Izquierda-derecha PDF Imprimir E-Mail

izquierda-derecha

Por la década de los 40, cuando “volvió a reír la primavera”, se usaban mucho las dicciones rojos y fascistas. Los rebeldes, al referirse al bando perdedor, eran los rojos. Y éstos, cuando largaban del bando ganador, eran los fascistas. Fue a mis ocho años cuando escuché por vez primera las dicciones de izquierdas o derechas, pero no sabía su significado.
Al poco, por los andurriales del barrio de Pescadería, en la explanada del muelle pesquero, aparecían todas las mañanas unos 300 soldados para hacer la instrucción marcando el paso al ritmo de tambores y cornetas; los chiquillos le poníamos letras groseras delante de las narices de la oficialidad. Otras veces las marchas guerreras eran suplidas por la voz aguardentosa del sargento de turno con su cantinela de “up, op; ep, aro...up, op; ep, aro...” con el correaje en la diestra, no sé para qué. Los chiquillos acompañábamos a la soldadesca por los flancos con nuestra letanía: “up, op,  papa y arró; up, op; papa y arró...”
Había un sargento chusquero que se las sabía toas. Y para que la golfería no sirviera de comparsa con su papa y arró, hacía marcar el paso con la saloma de “Izquierda, izquierda; izquierda derecha izquierda”... Y así hasta la saciedad.¿Qué querría decir el andobas con tanta izquierda y una sola derecha? Por un falso orgullo no quise preguntar a mis mayores; hasta que un día me di cuenta que cuando el menda decía izquierda, los famélicos soldados pisaban con el pie izquierdo; pero lo extraño era que mentaba derecha una vez por cuatro izquierda. Esta actitud, extraña para mi, se la dije a El Rasque, que por aquel entonces se embarcaba con mi padre. Y me contestó: ¡Porque es un rojo!
En la instrucción tenían media hora de descanso para hacer sus necesidades en las piedras del rompeolas. Luego se zampaban un bocata consistente en una rebaná de viento y un chorizo a la sombra, para rematar con un caldo de gallina en el mejor de los casos, o un cigarro liado con colillas de otros en papel Bambú.

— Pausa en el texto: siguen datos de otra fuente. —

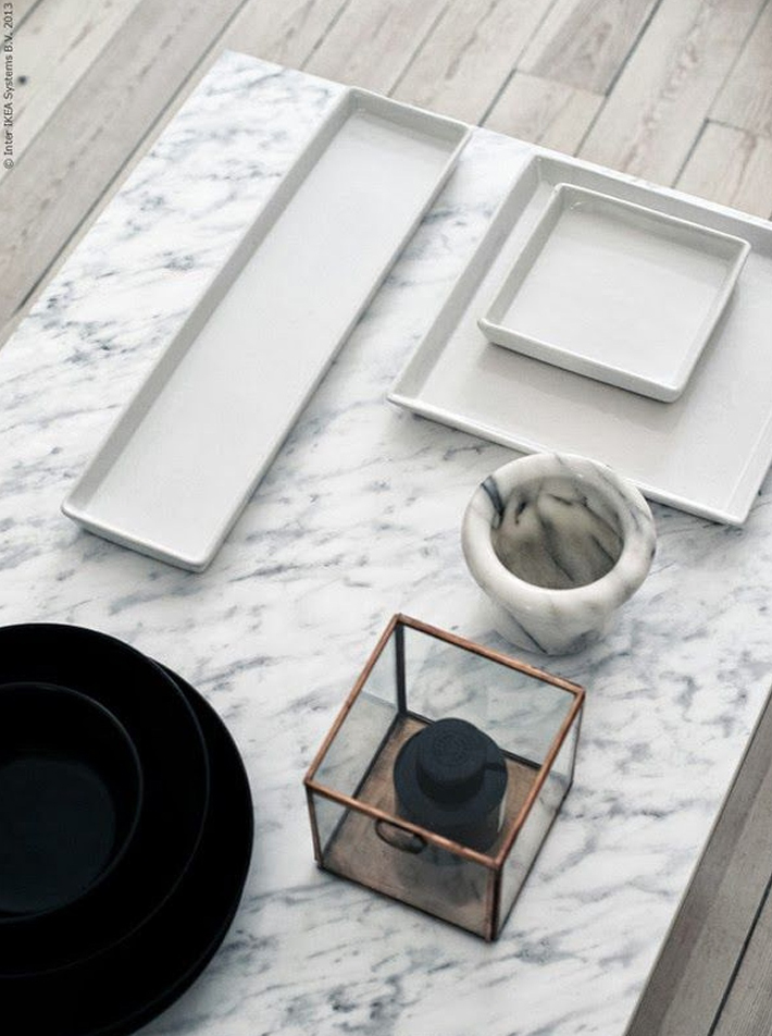 Usually, marble used to be used on specific pieces of interior design such as kitchen settings (kitchen counters), furniture (tables, mostly) and also, in an ambience (floors).
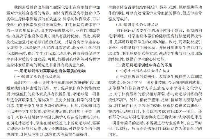 羽毛球是一项综合性、竞技性和全身性较强的运动,对运动者的身体素质具有较高的要求。同时,羽毛球具有操作简单、容易上手等特点,受到广大高职学生的喜爱。目前,多数高职院校都开设了羽毛球训练课程,但在实际训练中,却普遍存在重技能轻素质的现象,导致羽毛球运动促进学生身体素质发展的重要价值未能得到体现。对于这一问题,高职院校必须予以重视,通过对羽毛球训练理念和方式的优化,有效提升学生身体素质,促进学生全面发展。本文主要对羽毛球训练对高职学生身体素质的影响及策略进行了简要分析,希望能够给相关人员带来一些启示。
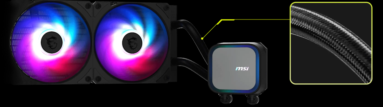 В системах охлаждения серии MAG CORELIQUID A13 используются трубки из синтетического каучука в нейлоновой оплетке. Этот материал известен своей гибкостью, устойчивостью к старению, колебаниям температуры и коррозии, поэтому он хорошо предотвращает испарение охладителя и удобен в эксплуатации.
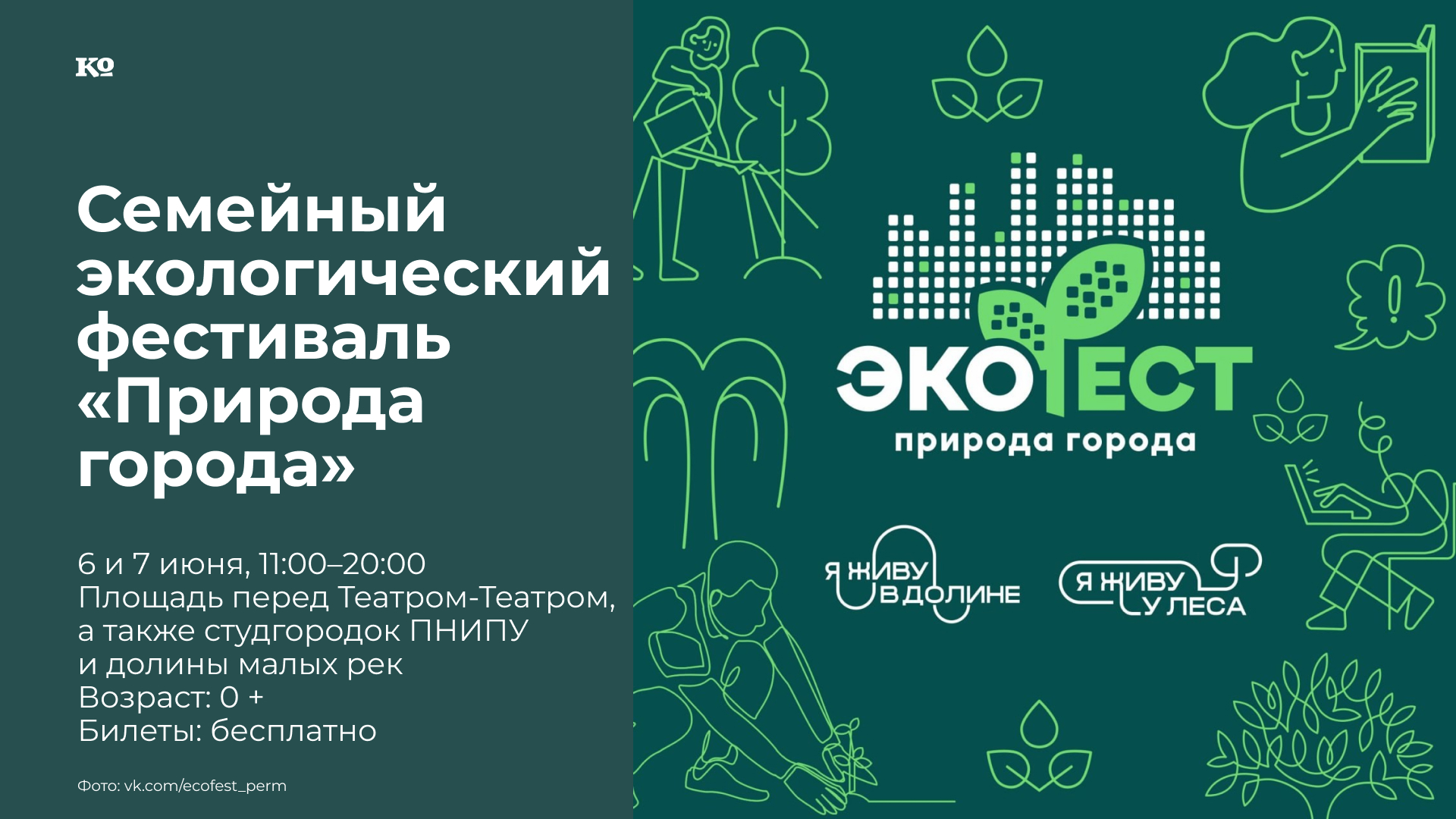 В программе экофеста — лектории на актуальные природоохранные темы, в том числе лекции об уссурийском полиграфе и об изменениях климата; мастер-классы по уходу за комнатными растениями, по изготовлению сувениров из природных материалов и другие; конкурс арт-объектов; волонтёрские экологические акции, экскурсии по долинам малых рек и другим природным локациям Перми; экологические квесты и викторины. Весь день на площади — музыкальная программа: 6 июня — электронная музыка, 7 июня — фольклорные проекты (среди прочих — выступление Даши Калиной). В фестивальном городке установлены инсталляция «Лес в городе» — около 60 деревьев, которые позже будут высажены в парках Перми, и «трухлявый заповедник» — бордюр из сухих веток и брёвен, которые служат пищей и домом для насекомых.

El sargento siempre se sentaba en cualquier piedra apartado de la soldadesca , cosa que aproveché para decirle:
¡Usted es rojo! ¿No?
- ¡Vete a la mierda, chaval!-, fue la lacónica respuesta, y ahí quedó el diálogo que pretendí entablar. Quince años después, estando faenando en el “mar Negro”, le recordé a El Rasque aquella anécdota. Mi tovarich me preguntó si sabía el origen de las derechas y de las izquierdas, y como le respondí que no; me soltó el siguiente rollo:
“Era en una asamblea donde se discutía si se debía trabajar de sol a sol durante los siete días de la semana y los doce meses del año. O había que hacer ocho horas con descanso dominicales y mes de vacaciones pagadas. El recinto donde se iba a celebrar el debate, con un aforo para doscientas personas, tenía un pasillo desde la puerta al escenario con sillas a ambos lados. El primero en entrar fue un minero con cara de famélico impregnado de carbón, que se sentó en el extremo de la última fila de la derecha. El segundo fue un orondo con chistera y puro, que al ver al paria se sentó lo más lejos posible. O sea; en el extremo opuesto, pero de la primera fila. Ya sabes, Dafalico, que en el primer tercio del siglo XX, la diferencia en el vestir era notoria entre ricos y pobres... Y así, conforme iban entrando, “cada pescao iba buscando su mallero” hasta que se llenó el local. Después de que cada ponente expuso su punto de vista, acordaron hacer la votación a mano alzada. Quien sea partidario de la jornada de ocho horas, descanso en domingo y un mes de vacaciones al año, que levante el brazo- dijo el portavoz-. Todos los de los asientos de la izquierda levantaron el brazo, más tres del otro lado. Ciento tres votos. Fueron mayoría, puesto que en el lado contrario eran noventa y siete  partidarios de dejar las cosas como estaban, salvo alguna abstención. Desde aquel día, tovadí Dafalico, partió el origen de que los más pobres sean de izquierdas y los otros de derechas”.
-Me has hecho un lío, tovarich. ¿No acabas de decirme que el minero se sentó a la derecha del pasillo y al extremo de las sillas? Y luego los que fueron entrando iban buscando su mallero. O sea; los pobres a la derecha del pasillo, y los ricos a la izquierda de ese pasillo...
-Eso es según se mire. O según se entienda, porque los ponentes sentados tras la mesa de la tribuna miraban al público, y los que levantaron el brazo estaban a la izquierda de los ponentes.